#### Records to process:
#####

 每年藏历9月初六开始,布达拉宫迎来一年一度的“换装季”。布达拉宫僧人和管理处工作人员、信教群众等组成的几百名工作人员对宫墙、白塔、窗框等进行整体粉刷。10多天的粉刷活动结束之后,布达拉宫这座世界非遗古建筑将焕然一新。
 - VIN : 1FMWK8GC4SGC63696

#####

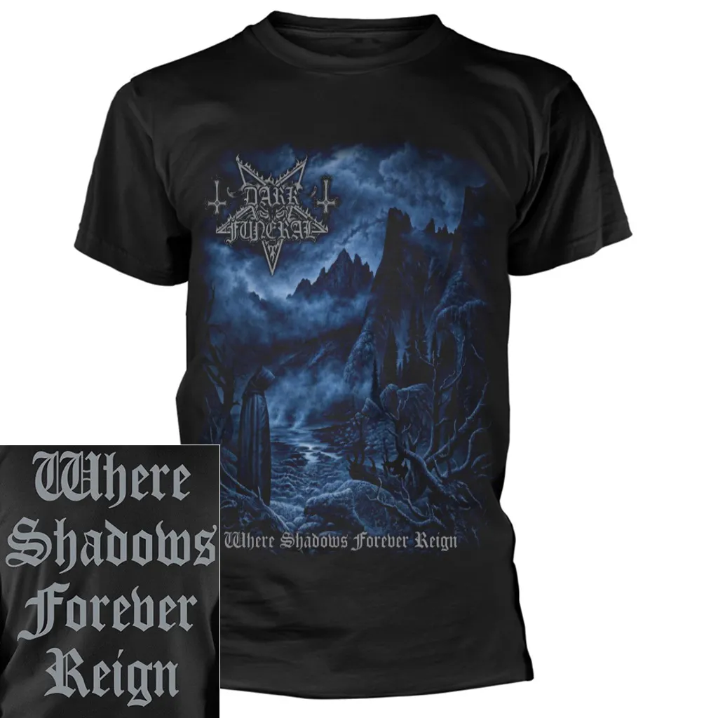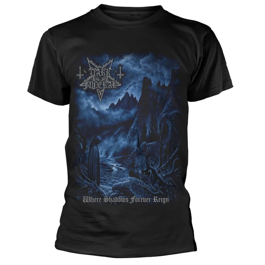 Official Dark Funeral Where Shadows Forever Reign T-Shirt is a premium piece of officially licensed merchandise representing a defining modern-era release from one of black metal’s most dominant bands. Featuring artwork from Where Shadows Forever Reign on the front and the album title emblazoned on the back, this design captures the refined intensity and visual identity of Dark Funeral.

#####

#### Your objective:
Beginning with the line above that contains "每年藏历9月初六开始,布达拉", copy each line exactly up to and including the line that contains "- VIN : 1FMWK8GC4SGC63696", and go no further.

#### Task solution:
 每年藏历9月初六开始,布达拉宫迎来一年一度的“换装季”。布达拉宫僧人和管理处工作人员、信教群众等组成的几百名工作人员对宫墙、白塔、窗框等进行整体粉刷。10多天的粉刷活动结束之后,布达拉宫这座世界非遗古建筑将焕然一新。
 - VIN : 1FMWK8GC4SGC63696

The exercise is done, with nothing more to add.